Hello, in light of recent events I want to start a thread on protests.
http://www.cnn.com/2017/02/01/us/milo-yiannopoulos-berkeley/
One of my coworker's cousins had their car torched and saw people being beaten. This was streamed live on facebook. I also watched this live and there were many things about the event I thought didn't fit the tone of it.
Out of 1500 peaceful protesters, 150 agitators were found by police to be instigating violence. I believe this group calls themselves Black Bloc. They uniformly wear black and mask themselves. Red spray paint is their hallmark.
This is going to be a regular thing so I wanted to consolidate nonspecific protest discussion into a single thread. Please be safe out there if you are planning to march or protest. Report any potential violent instigators. We mush shut out violent agitators and hold ourselves to higher standards if we are to get our messages across.
edit: another thought occurred to me. it is the perception of strength and what it means when a movement has power.
Burning Police Cars and shattered storefronts are not images of power. They are images of weakness and of anger overcoming reason.
Women's March posters in the windows of local Gamestops and employees wearing pink hats are not superficial platitudes. They are images of hearts and minds, once apathetic, being stirred to a cause. That is power.
Power is to convince the people that don't have any skin in this game to step forward for those that do. Power is not bullying people into submission on threat of bloodied faces and broken glass; it is not destroying your own community because you are angry.
Posts
at the protest?
Whoa, source? How does a false flag work?
artistjeffc.tumblr.com http://www.etsy.com/shop/artistjeffc
This is not to say I feel that ONLY non-violent protests are legitimate, or that violence de facto delegitimizes a protest, but Black Bloc shitheads are just interested in hurting people, causing mayhem, and destroying property for their own selfish reasons.
They latch on to legitimate causes (like trying to deny hate-speech agitator and White Nationalist darling Milo Y a place to spew inciteful speech) so they can burn cars and spray paint anarchist symbols everywhere.
Fuck those people.
Fascists selectively disavow any fascist who jumps the gun, then immediately begin interacting with said fascist again at the earliest political convenience.
Another important fact is that the ghost skins in the police department let the shooter go without prints because he was a fellow nazi.
This is the main reason I want to call attention to this. Organizing protests from now on should include instructions to report instigators and prevent violence.
artistjeffc.tumblr.com http://www.etsy.com/shop/artistjeffc
This might be an unpopular opinion, but I strongly urge people not to snitch on their fellow protesters.
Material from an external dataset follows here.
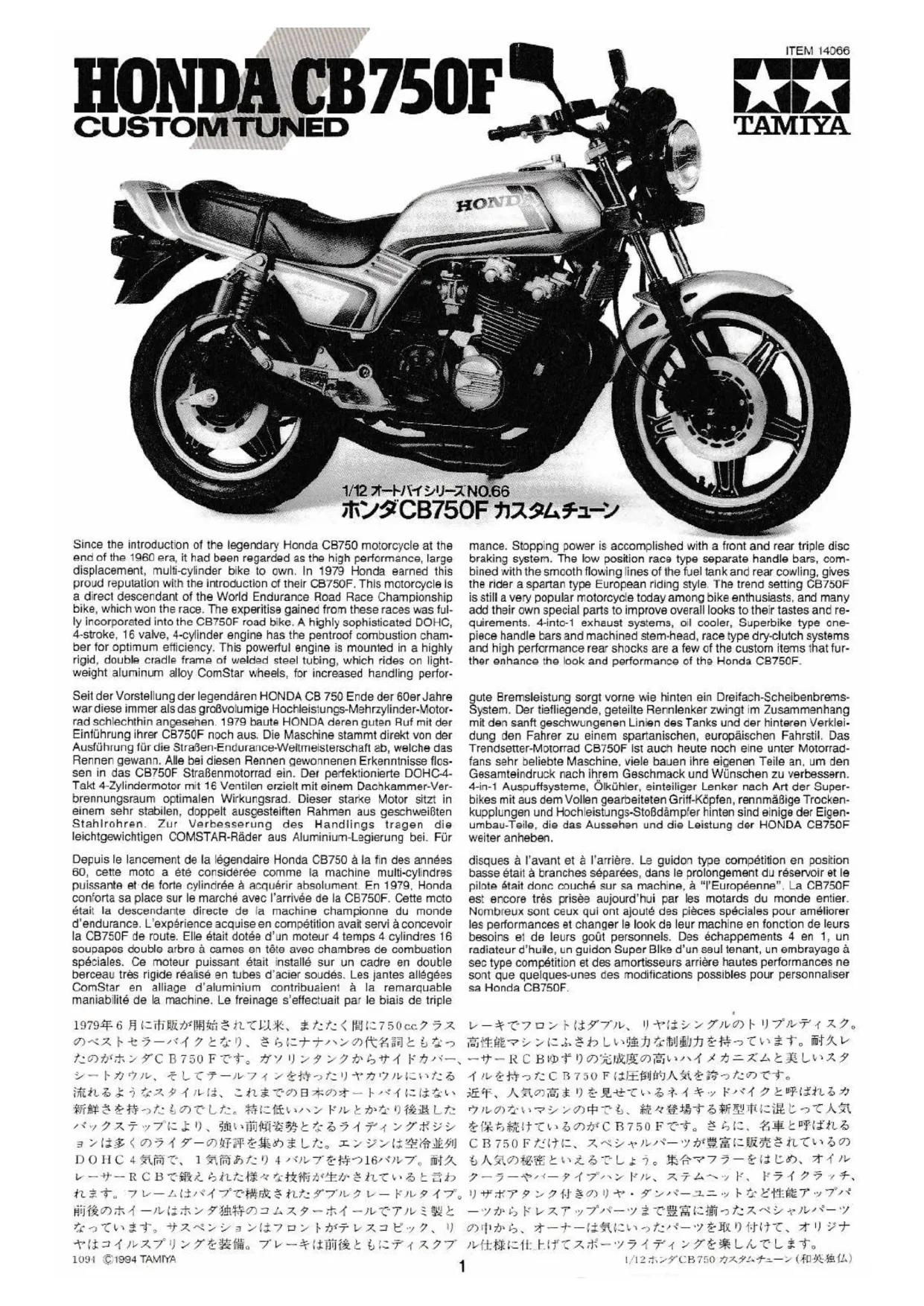 Honda CB750F - Jouets TAMIYA - Notice d'utilisation et mode d'emploi gratuit

Respect a diversity of tactics and let others protest the way they feel is best. Do not under any circumstances encourage the police to intervene in a protest. The police are not our friends. If you feel that a protest has taken a direction that you are uncomfortable with, leave or relocate to a different part of the protest.
Yeah. No.
As soon as people start looting, beating and burning at a peaceful gathering they're not protesting. They're being a dangerous and damaging presence and giving legitimacy to the crack downs and police brutality.
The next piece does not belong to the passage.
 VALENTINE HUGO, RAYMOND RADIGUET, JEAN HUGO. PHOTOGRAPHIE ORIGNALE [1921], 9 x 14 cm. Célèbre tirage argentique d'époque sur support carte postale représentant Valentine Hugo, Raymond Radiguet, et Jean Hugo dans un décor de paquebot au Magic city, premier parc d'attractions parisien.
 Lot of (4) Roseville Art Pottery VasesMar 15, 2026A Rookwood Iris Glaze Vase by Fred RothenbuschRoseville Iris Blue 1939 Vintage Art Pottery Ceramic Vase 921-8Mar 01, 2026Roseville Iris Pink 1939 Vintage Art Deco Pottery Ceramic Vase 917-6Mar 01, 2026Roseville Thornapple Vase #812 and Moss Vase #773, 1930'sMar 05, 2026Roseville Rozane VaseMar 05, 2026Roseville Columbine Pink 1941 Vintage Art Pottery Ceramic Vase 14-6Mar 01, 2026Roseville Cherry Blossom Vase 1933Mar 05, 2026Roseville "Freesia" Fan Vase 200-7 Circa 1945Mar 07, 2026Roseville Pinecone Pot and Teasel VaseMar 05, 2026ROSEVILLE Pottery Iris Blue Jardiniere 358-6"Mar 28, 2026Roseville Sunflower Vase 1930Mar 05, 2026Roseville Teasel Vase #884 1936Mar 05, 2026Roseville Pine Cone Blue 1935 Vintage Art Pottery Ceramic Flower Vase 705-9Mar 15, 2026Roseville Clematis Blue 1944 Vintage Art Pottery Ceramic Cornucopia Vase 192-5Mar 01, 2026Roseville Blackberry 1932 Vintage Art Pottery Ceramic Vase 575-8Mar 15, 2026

If you want to go throw bricks through windows and steal shit or tip over ambulances have the balls to do it without the shield of anonymity.
If people are looting and burning, the protest has turned into a riot. If a riot is not something you want to participate in, leave. Do not switch sides and start aiding the police, they don't need your help.
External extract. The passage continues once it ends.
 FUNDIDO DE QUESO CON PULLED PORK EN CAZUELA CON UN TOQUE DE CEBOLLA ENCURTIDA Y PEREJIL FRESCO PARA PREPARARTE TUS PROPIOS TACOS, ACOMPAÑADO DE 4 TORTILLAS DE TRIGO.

No. When we protect these geese, we undermine our credibility.
https://www.youtube.com/watch?v=GSMKGRyWKas
http://thetab.com/us/uc-berkeley/2017/02/02/exclusive-footage-anarchist-group-smashes-windows-sets-fire-sproul-riots-uc-berkeley-milo-yiannopouloss-talk-cancelled-3244
Was the credibility of Black Lives Matter undermined just because the Ferguson and Baltimore protests turned into riots? I don't think it was. I would even hazard an argument for the opposite.
Yes
Or a handful of chuckle fuck anarchists who get Heath Ledger boners and think they're being edgy start inciting a riot because that's what gets them off. It only takes a few people to put an entire gathering of women and children at risk of being hit with teargas and trampled. Fuck that.
Edit: Berkeley / Oakland has a special population of anti-authority shitheads always looking to hurt someone too. It's a shame because the campus really is an impressive place.
Yes, it absolutely was.
That's why the police like to incite riots. It justifies their own use of force and undermines the credibility of the protesters.
That said, when liberals and moderates spend too much energy finger-wagging at rioters, it has the same effect. We'd be better off refocusing such discussions back to the matter at hand - the conditions that lead to the unrest in the first place.
the "no true scotch man" fallacy.
Yes they were. It made it a lot easier for people to ignore them rather than looking at the problem they were trying to bring attention to.
Personally, I disagree
The thesis statement of those protests was, "Black lives are undervalued." If property damage is enough to convince somebody that that message is invalid, no amount of peaceful messaging would convince them. "I was going to think that black lives had value, but then I saw those windows get broken, and now I don't" is rhetoric to justify already-held bigotry, not to express a genuine emotional journey.
As chicken said above, "Black Bloc" is a tactic, not a group.
But Oakland* does have an anarchist contingent who love to turn up at protests and agitate things. On top of that there has been a lot of unrest between citizens and the police in Oakland for decades, with plenty of blame to share on both sides of the blue line.
* Oakland and Berkeley don't share a clear boundary, either culturally or geographically, regardless of what a map might say.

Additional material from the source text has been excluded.